[Source data]
▬▬▬
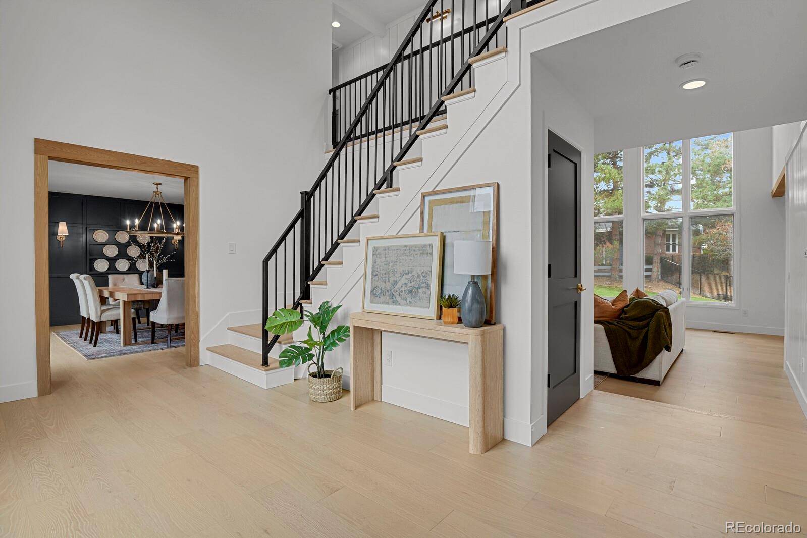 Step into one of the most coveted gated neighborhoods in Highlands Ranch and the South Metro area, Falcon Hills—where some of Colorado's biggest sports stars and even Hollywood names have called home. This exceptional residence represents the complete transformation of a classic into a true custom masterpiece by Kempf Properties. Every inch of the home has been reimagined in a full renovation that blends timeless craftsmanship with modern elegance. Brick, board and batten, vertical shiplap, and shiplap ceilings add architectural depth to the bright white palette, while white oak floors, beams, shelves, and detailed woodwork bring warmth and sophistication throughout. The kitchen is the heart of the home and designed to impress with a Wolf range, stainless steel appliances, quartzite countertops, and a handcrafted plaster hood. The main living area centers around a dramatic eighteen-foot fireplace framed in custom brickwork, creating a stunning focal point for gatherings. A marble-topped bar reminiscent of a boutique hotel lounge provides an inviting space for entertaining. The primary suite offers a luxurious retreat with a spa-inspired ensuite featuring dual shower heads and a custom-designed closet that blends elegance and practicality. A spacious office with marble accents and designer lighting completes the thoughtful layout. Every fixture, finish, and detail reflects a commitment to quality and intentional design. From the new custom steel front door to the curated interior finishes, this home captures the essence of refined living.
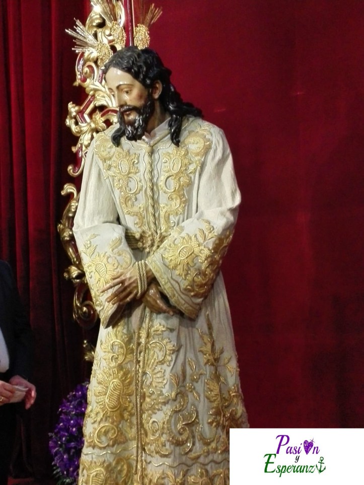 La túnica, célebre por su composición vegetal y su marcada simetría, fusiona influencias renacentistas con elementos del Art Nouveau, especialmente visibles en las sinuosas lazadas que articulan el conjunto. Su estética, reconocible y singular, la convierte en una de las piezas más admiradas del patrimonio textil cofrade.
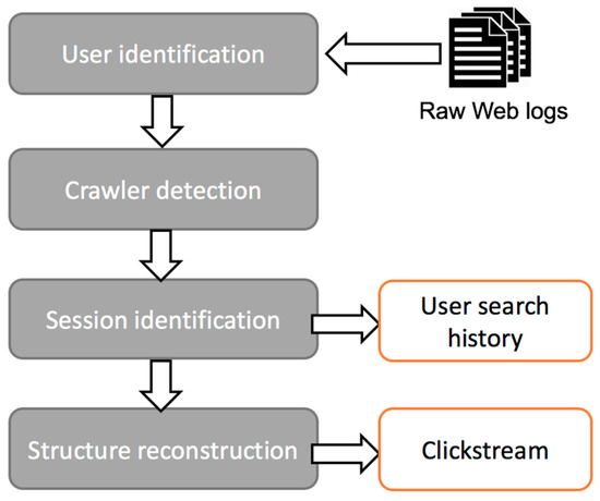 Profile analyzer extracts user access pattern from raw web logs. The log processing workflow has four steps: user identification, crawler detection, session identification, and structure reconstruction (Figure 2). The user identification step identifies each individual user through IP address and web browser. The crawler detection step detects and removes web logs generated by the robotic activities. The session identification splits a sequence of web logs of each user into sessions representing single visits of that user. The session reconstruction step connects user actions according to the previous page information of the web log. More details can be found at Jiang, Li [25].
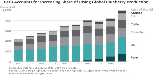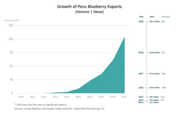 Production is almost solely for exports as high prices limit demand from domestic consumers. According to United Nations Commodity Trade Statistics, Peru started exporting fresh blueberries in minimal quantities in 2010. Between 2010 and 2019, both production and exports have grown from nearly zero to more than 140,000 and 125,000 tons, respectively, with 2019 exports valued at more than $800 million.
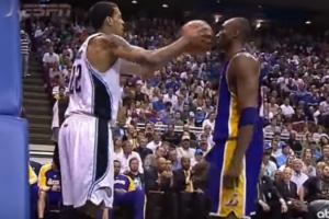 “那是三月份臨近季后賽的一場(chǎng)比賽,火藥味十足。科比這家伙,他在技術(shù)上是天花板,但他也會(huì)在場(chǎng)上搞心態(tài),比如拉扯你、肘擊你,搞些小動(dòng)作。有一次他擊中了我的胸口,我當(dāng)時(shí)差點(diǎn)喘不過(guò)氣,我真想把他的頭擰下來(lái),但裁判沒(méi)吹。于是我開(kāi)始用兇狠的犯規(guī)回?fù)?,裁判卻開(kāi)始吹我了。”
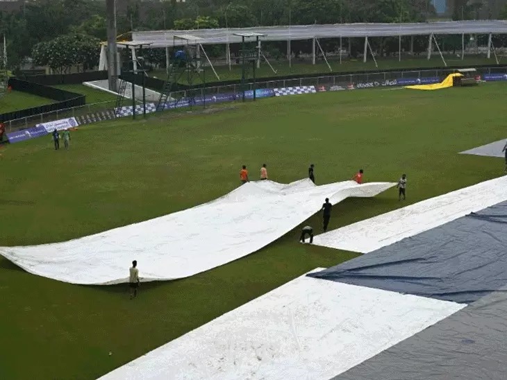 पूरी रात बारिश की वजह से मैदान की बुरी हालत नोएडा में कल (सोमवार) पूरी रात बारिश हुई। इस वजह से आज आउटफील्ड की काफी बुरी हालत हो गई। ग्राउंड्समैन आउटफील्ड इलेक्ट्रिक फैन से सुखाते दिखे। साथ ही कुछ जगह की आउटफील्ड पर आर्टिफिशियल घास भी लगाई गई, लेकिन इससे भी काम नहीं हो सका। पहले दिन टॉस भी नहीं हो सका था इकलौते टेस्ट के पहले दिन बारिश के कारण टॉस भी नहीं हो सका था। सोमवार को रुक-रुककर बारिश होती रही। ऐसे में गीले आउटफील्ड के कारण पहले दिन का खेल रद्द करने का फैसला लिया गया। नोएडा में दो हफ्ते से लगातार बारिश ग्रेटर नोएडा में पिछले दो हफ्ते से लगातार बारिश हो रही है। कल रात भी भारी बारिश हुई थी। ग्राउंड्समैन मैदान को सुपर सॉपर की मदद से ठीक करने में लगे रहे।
▬▬▬
INSTRUCTIONS TO FOLLOW = Above are records with pictures; repeat them exactly, but without the pictures.

EXERCISE SOLUTION =
 Step into one of the most coveted gated neighborhoods in Highlands Ranch and the South Metro area, Falcon Hills—where some of Colorado's biggest sports stars and even Hollywood names have called home. This exceptional residence represents the complete transformation of a classic into a true custom masterpiece by Kempf Properties. Every inch of the home has been reimagined in a full renovation that blends timeless craftsmanship with modern elegance. Brick, board and batten, vertical shiplap, and shiplap ceilings add architectural depth to the bright white palette, while white oak floors, beams, shelves, and detailed woodwork bring warmth and sophistication throughout. The kitchen is the heart of the home and designed to impress with a Wolf range, stainless steel appliances, quartzite countertops, and a handcrafted plaster hood. The main living area centers around a dramatic eighteen-foot fireplace framed in custom brickwork, creating a stunning focal point for gatherings. A marble-topped bar reminiscent of a boutique hotel lounge provides an inviting space for entertaining. The primary suite offers a luxurious retreat with a spa-inspired ensuite featuring dual shower heads and a custom-designed closet that blends elegance and practicality. A spacious office with marble accents and designer lighting completes the thoughtful layout. Every fixture, finish, and detail reflects a commitment to quality and intentional design. From the new custom steel front door to the curated interior finishes, this home captures the essence of refined living.
 La túnica, célebre por su composición vegetal y su marcada simetría, fusiona influencias renacentistas con elementos del Art Nouveau, especialmente visibles en las sinuosas lazadas que articulan el conjunto. Su estética, reconocible y singular, la convierte en una de las piezas más admiradas del patrimonio textil cofrade.
 Profile analyzer extracts user access pattern from raw web logs. The log processing workflow has four steps: user identification, crawler detection, session identification, and structure reconstruction (Figure 2). The user identification step identifies each individual user through IP address and web browser. The crawler detection step detects and removes web logs generated by the robotic activities. The session identification splits a sequence of web logs of each user into sessions representing single visits of that user. The session reconstruction step connects user actions according to the previous page information of the web log. More details can be found at Jiang, Li [25].
 Production is almost solely for exports as high prices limit demand from domestic consumers. According to United Nations Commodity Trade Statistics, Peru started exporting fresh blueberries in minimal quantities in 2010. Between 2010 and 2019, both production and exports have grown from nearly zero to more than 140,000 and 125,000 tons, respectively, with 2019 exports valued at more than $800 million.
 “那是三月份臨近季后賽的一場(chǎng)比賽,火藥味十足。科比這家伙,他在技術(shù)上是天花板,但他也會(huì)在場(chǎng)上搞心態(tài),比如拉扯你、肘擊你,搞些小動(dòng)作。有一次他擊中了我的胸口,我當(dāng)時(shí)差點(diǎn)喘不過(guò)氣,我真想把他的頭擰下來(lái),但裁判沒(méi)吹。于是我開(kāi)始用兇狠的犯規(guī)回?fù)?,裁判卻開(kāi)始吹我了。”
 पूरी रात बारिश की वजह से मैदान की बुरी हालत नोएडा में कल (सोमवार) पूरी रात बारिश हुई। इस वजह से आज आउटफील्ड की काफी बुरी हालत हो गई। ग्राउंड्समैन आउटफील्ड इलेक्ट्रिक फैन से सुखाते दिखे। साथ ही कुछ जगह की आउटफील्ड पर आर्टिफिशियल घास भी लगाई गई, लेकिन इससे भी काम नहीं हो सका। पहले दिन टॉस भी नहीं हो सका था इकलौते टेस्ट के पहले दिन बारिश के कारण टॉस भी नहीं हो सका था। सोमवार को रुक-रुककर बारिश होती रही। ऐसे में गीले आउटफील्ड के कारण पहले दिन का खेल रद्द करने का फैसला लिया गया। नोएडा में दो हफ्ते से लगातार बारिश ग्रेटर नोएडा में पिछले दो हफ्ते से लगातार बारिश हो रही है। कल रात भी भारी बारिश हुई थी। ग्राउंड्समैन मैदान को सुपर सॉपर की मदद से ठीक करने में लगे रहे।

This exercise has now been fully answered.